Posterior Parietal Area 7a

Efficient spatial navigation requires not only static external sensory signals, but also dynamic signals generated by self-motion. A possible area of the cerebral cortex that can process information about self-motion and transmit it to other structures involved in navigation control is PPC [7]. As shown by anatomical studies on macaques [8], the main part of PPC, which has a direct and indirect connection with the hippocampus (one of the functions of which is the memorization and encoding of the surrounding space), is area 7a, the posterior part of the inferior parietal lobe, between the intraparietal and superior temporal sulci. In cynomolgus macaques, monkey labyrinth-related navigation disorders were demonstrated with a lesion in area 7a [9]. It was also shown in monkeys [10] that on visual stimulation, which causes the illusion of the observer moving forward or backward, the receptive fields of neurons in area 7a are maximally activated and also modulated by head position, which indicates a possible role of this area in the transformation of sensory inputs for self-motion [11]. The source of vestibular inputs to area 7a may be the connection either with the thalamic nuclei, which transmit the vestibular signal to the cortex, or with multimodal areas that project to 7a, such as MSTd and VIP [12].

Thus, both anatomical and physiological evidence suggests that area 7a plays a role in the convergence of self-motion signals. However, although the responses of area 7a neurons to a visual stimulus are well described [10], the sensitivity of area 7a neurons to vestibular inputs was never explicitly tested until 2019, although indirect evidence of a vestibular influence on neural responses in 7a was obtained earlier [13]. In particular, head orientation has been found to modulate visual responses only when the speed of head rotation is above the vestibular threshold. In 2019, E. Avilla et al. [4], demonstrated direct influence of monkey movement (both linear movement and rotation) on the responses of individual neurons in area 7a, and the sensitivity to vestibular signals in this area was higher than to visual ones. Therefore, we will dwell on the description of this study in more detail.

The authors used a movement platform with translational and rotational degrees of freedom to investigate the perception of self-motion speed obtained from vestibular cues. For visual movement modeling, they used translational (radial outward movement) and rotational models of visual stimuli to explore the perception of both linear and angular components of the speed of self-motion. Also, for the first time, they simultaneously used visual simulation and real movement to study the multisensory convergence of self-motion signals in region 7a during rectilinear movement.

Approximately 40% of neurons responded significantly to vestibular stimulation during linear movement, while about 27% responded to visually simulated movement. Although the proportion of neurons responding to the combined stimulus was relatively large (~38%), only a small fraction of these neurons responded to both stimuli when presented separately (~17%). In fact, given the ratio of vestibular to visual neurons in the study population, the number of bisensory neurons was only marginally higher than expected by chance.

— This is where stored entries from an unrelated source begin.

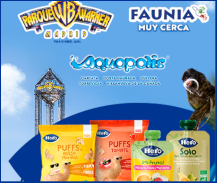 En este sorteo de Hero Baby habrá 3 ganadores y cada uno se llevará un pack de 4 entradas a parques como Warner, Faunia o Aquópolis.
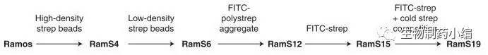 Ramos是來(lái)源于人Burkitt淋巴瘤的一株細(xì)胞系,在培養(yǎng)過(guò)程中其重排后的免疫球蛋白V區(qū)基因持續(xù)發(fā)生組成型突變,并表達(dá)到膜表面。早在2002年Sarah等人就報(bào)道了利用Ramos細(xì)胞系篩選出對(duì)鏈霉親和素有高親和力的IgM[2]。他們將鏈霉親和素結(jié)合到磁珠上,從一群Ramos細(xì)胞中篩出對(duì)鏈霉親和素有低親和力的細(xì)胞群,之后降低磁珠上的鏈霉親和素的密度以提高篩選的苛刻程度,進(jìn)一步篩出親和力更高的突變。之后又進(jìn)一步用標(biāo)記FITC熒光的鏈霉親和素結(jié)合流式分選將抗體親和力進(jìn)一步提高。
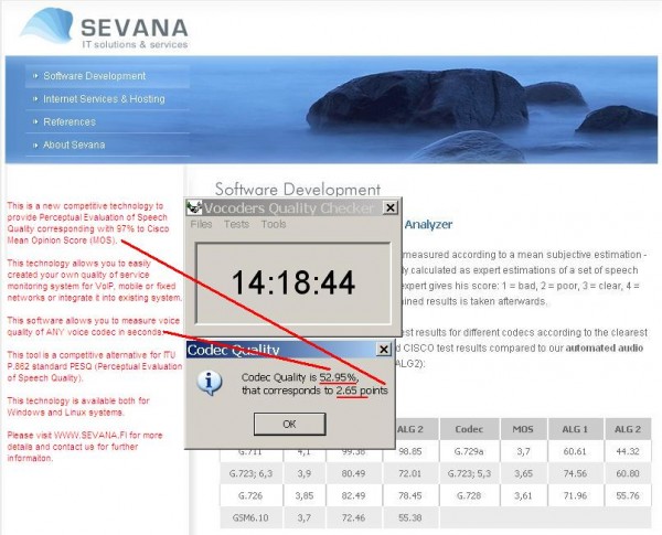 Sevana Vocoders Quality Checker – это голосовой кодек (вокодер), позволяющий сэкономить значительное количество ресурсов. Экономия достигается за счёт того, что вместо саамого речевого сигнала передают только значения его определённых параметров, которые на приемной стороне управляют синтезатором речи.

Therefore, although both visual and vestibular cues are present in 7a, multisensory convergence of information about movement is rare in this region at the level of individual neurons.

Experiments using real or visually simulated rotational movement showed that neural responses were largely similar to those observed during rectilinear movements. About 31% of neurons responded to real rotation, and about 20% to visually simulated rotation. A study by Avilla et al. [4], also revealed an important qualitative feature of the perception of the angular velocity in 7a, the spike activity rate increases with an increase in the rotation speed, regardless of the direction of rotation. It can be concluded that although the magnitude of the angular velocity can be decoded from this area, information about the direction of rotation should probably be obtained from other areas of the brain.

Thus, these experiments showed that neurons in area 7a are sensitive to both translational and rotational vestibular signals.

As a rule, vestibular rather than visual signals predominated in responses to a combined visuovestibular stimulus in a study by E. Avilla et al. [4]. In some cases, neurons that selectively respond to visual motion were even suppressed when it was combined with platform movement. This dominance of vestibular influences on responses was unexpected, because area 7a is thought to be primarily visual and is part of the dorsal visual hierarchy [14]. Moreover, vestibular dominance has not been reported in other multimodal parietal areas such as MSTd and VIP [15]. The fact that vestibular inputs elicit stronger neural responses in area 7a suggests that local mechanisms may suppress visual input signals when vestibular signals are available.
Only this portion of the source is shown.